How much scalpers make selling hard-to-get PC hardware and consoles

Maybe you can’t buy the hottest new PC hardware yourself, but scalpers are ready to sell it to you for a tidy profit. 

These numbers come to us courtesy of Dev blogger Michael Driscoll. Driscoll, an Oracle Data Engineer at USG Corp. by day, applies his data skillsets in his off-hours to the scalping market for PC hardware and consoles. By Driscoll’s analysis, scalpers have sold at least $82 million in Ryzen 5000 CPUs, RTX 30-series cards, RX 6000 GPUs, and Xbox Series X and PS5 consoles. Most of it is still selling at stupid levels above the list price, and this is just the tip of the iceberg.

For example, some 322 Ryzen 9 5950X CPUs have sold at a median price of $1,275.  Those impossible-to-get GeForce RTX 3080 cards with a list price of $699? Well, 7,222 of the 3080’s sold at a median price of $1,315.

Driscoll wrote custom scripts to scrape eBay results. As part of his research, he focused only on sold items to determine the median price, rather than inflated bids. To try to troll scalpers, some have bid up prices of the hardware with no intent to buy. Because Driscoll’s research excludes $60,000 bids for GPUs, and only includes actual completed sales, it’s likely a far better gauge of the scalping market on eBay right now.

Driscoll hates scalpers just as much as anyone. “I don’t personally mind the person who flipped their console because they had one,” Driscoll told PCWorld. “I mind the scalping which is someone buying out Best Buy’s entire stock or has a bot just buying them right away to flip dozens or hundreds online.”


Here’s how many Ryzen 5000 chips have been scalped on eBay according to data from data engineer Michael Driscoll

Ryzen 7 5800X isn’t a great buy for scalpers either

Driscoll’s analysis indicates AMD’s Ryzen 7 5800X is starting to get to the point where there may just be no money in it for “casual scalpers.” The 8-core CPU has an MSRP of $449, but the median price of sold chips is $589. In the past week, that price has rapidly dropped to $545, which is below the price where Driscoll thinks casual scalpers decide to bail.

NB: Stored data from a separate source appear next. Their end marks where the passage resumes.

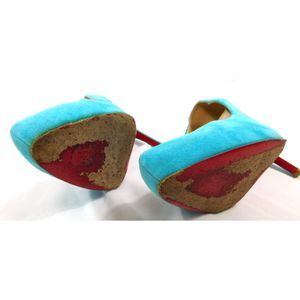 Christian Louboutin Rolando 120 Turquoise Suede Pumps
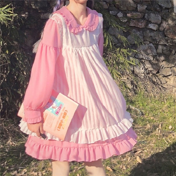 Japanese Sweet Pink Lolita Op Dress Gothic Soft Girl Cute Vintage Ruffle Maid Cosplay Black Dress Women Kawaii Two-Piece Dresses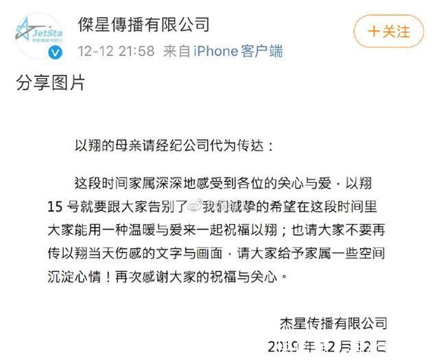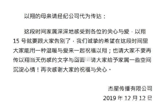 高以翔的母亲通过公司发布了这条消息。从新闻中可以看出,高以翔的家人受到外界各种谣言的困扰,而对于他们所熟悉的高以翔来说,这种情况并不是他们所希望看到的。发表声明确实是无能为力的。事实上,早在几天前,高以翔回到台湾后,他的母亲就要求他的朋友传达这样一个愿望,“高以翔的灵魂在漂浮,不能安心离开。我希望每个人都能传播积极的能量和祈祷”。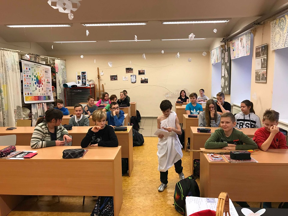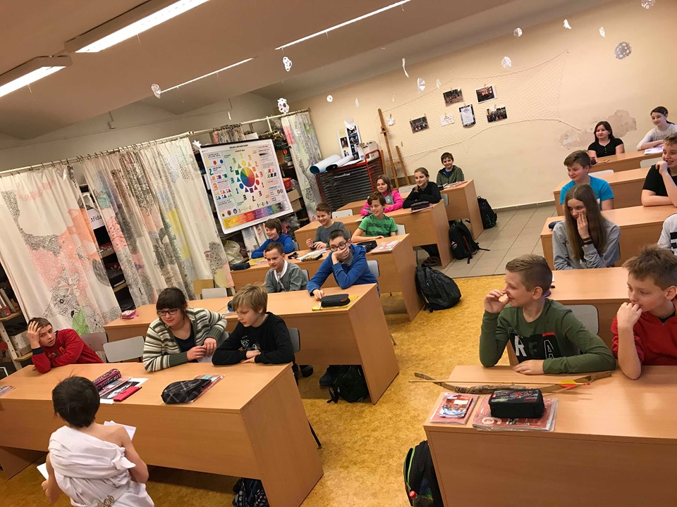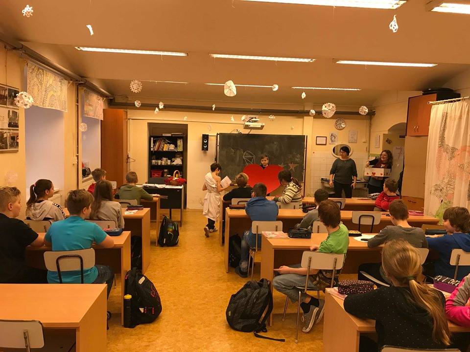 Na svátek sv. Valentýna do šesté třídy zavítal AMOREK a obdaroval žáky valentýnskou poštou.

Driscoll defines a “casual scalper” as someone who perhaps bought the hardware at full retail and has decided to sell it at a profit. He assumes this type of scalper pays taxes and shipping, so the watermark to quit is far higher.

Sophisticated scalpers, however, use bots and generally have made a business out of trying to buy as much as possible on Day 1 to sell quickly at a profit. The sophisticated scalpers are likely still making money, Driscoll said.